[[ DATA TO PROCESS, beginning ]]

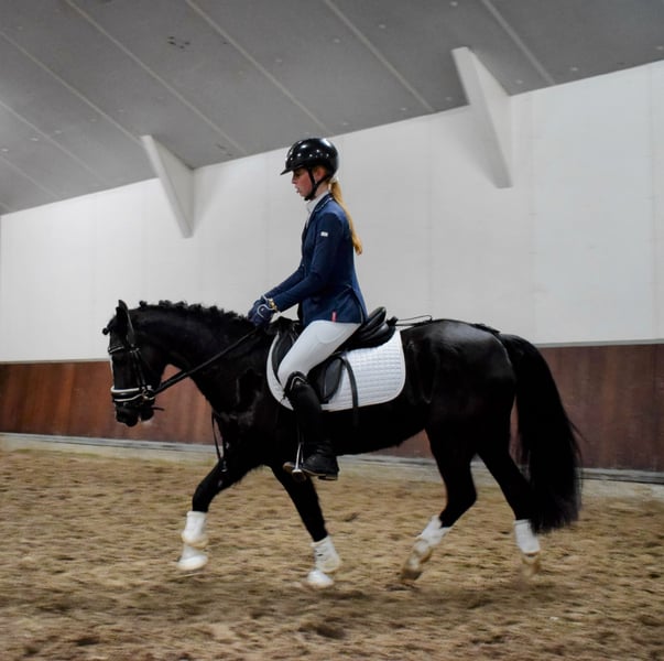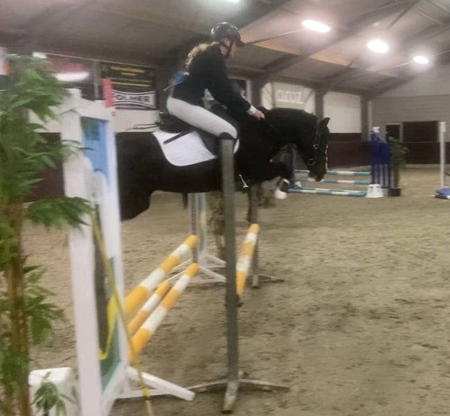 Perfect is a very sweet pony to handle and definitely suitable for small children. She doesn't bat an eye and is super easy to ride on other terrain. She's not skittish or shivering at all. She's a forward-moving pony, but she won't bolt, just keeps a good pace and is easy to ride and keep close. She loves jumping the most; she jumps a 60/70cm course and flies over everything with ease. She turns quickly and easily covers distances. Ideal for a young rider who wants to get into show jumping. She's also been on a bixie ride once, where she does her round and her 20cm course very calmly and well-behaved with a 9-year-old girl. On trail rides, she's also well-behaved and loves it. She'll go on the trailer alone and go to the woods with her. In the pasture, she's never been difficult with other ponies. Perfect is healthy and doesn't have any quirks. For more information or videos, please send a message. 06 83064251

[[ DATA TO PROCESS, end ]]
[[ DATA TO PROCESS, beginning ]]

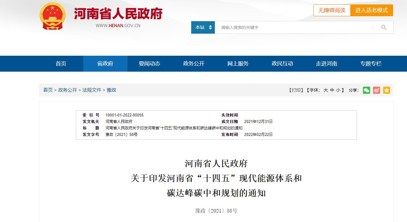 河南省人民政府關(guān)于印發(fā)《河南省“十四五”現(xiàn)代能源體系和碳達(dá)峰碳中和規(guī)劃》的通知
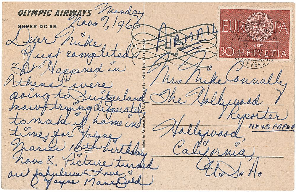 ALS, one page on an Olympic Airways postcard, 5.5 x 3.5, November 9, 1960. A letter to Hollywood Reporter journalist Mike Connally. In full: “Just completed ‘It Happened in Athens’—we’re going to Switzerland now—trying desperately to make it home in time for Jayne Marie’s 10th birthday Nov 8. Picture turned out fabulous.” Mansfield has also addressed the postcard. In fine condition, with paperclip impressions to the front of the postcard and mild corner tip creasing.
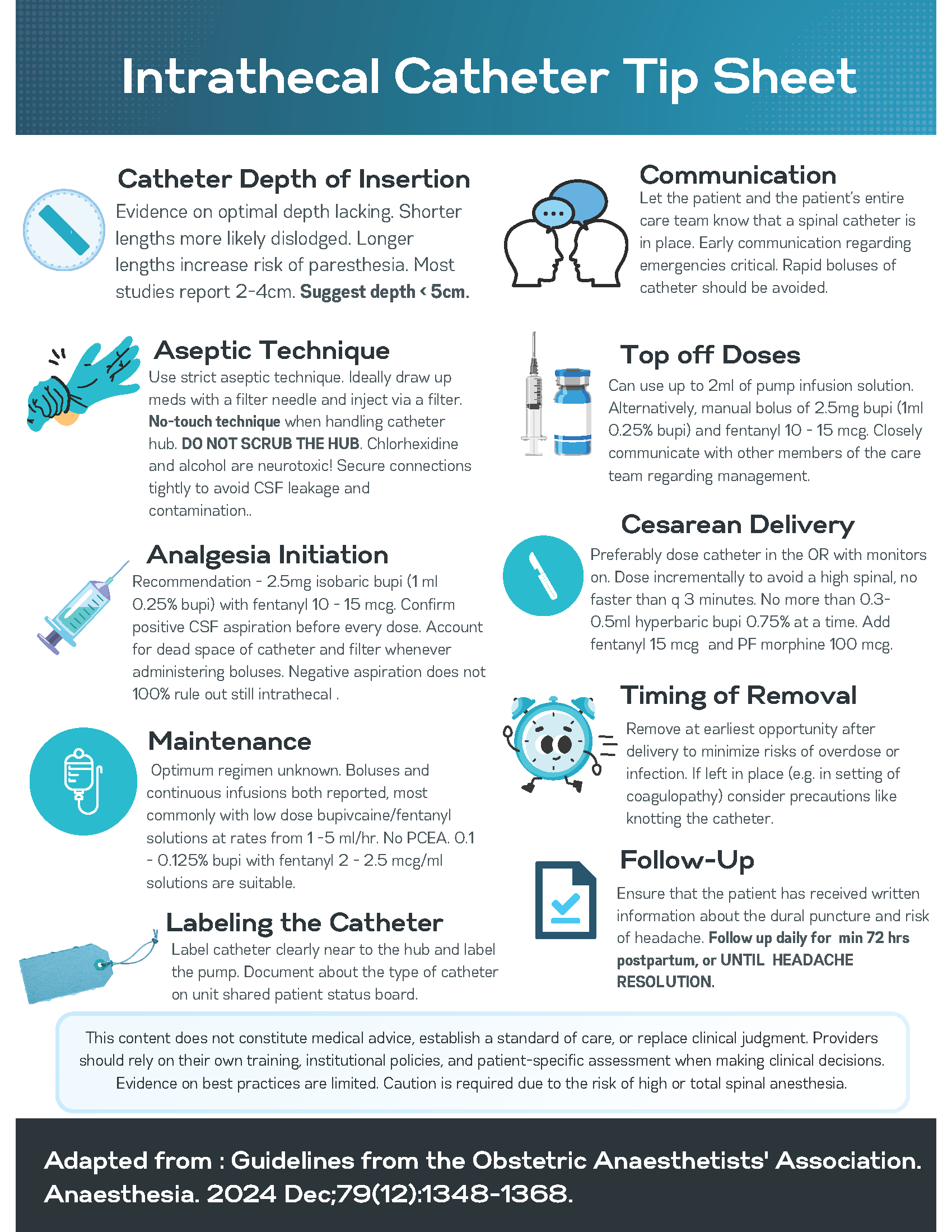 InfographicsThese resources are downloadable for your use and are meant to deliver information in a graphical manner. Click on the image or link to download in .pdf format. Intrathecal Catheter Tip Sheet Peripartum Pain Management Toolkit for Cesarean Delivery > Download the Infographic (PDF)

[[ DATA TO PROCESS, end ]]

EXERCISE GOAL - Beginning at the line above that contains "ALS, one page" and going on through the line that contains "InfographicsThese resources are", please copy every line exactly, leaving the pictures out and adding nothing.

ANSWER FOR THE TASK -
 ALS, one page on an Olympic Airways postcard, 5.5 x 3.5, November 9, 1960. A letter to Hollywood Reporter journalist Mike Connally. In full: “Just completed ‘It Happened in Athens’—we’re going to Switzerland now—trying desperately to make it home in time for Jayne Marie’s 10th birthday Nov 8. Picture turned out fabulous.” Mansfield has also addressed the postcard. In fine condition, with paperclip impressions to the front of the postcard and mild corner tip creasing.
 InfographicsThese resources are downloadable for your use and are meant to deliver information in a graphical manner. Click on the image or link to download in .pdf format. Intrathecal Catheter Tip Sheet Peripartum Pain Management Toolkit for Cesarean Delivery > Download the Infographic (PDF)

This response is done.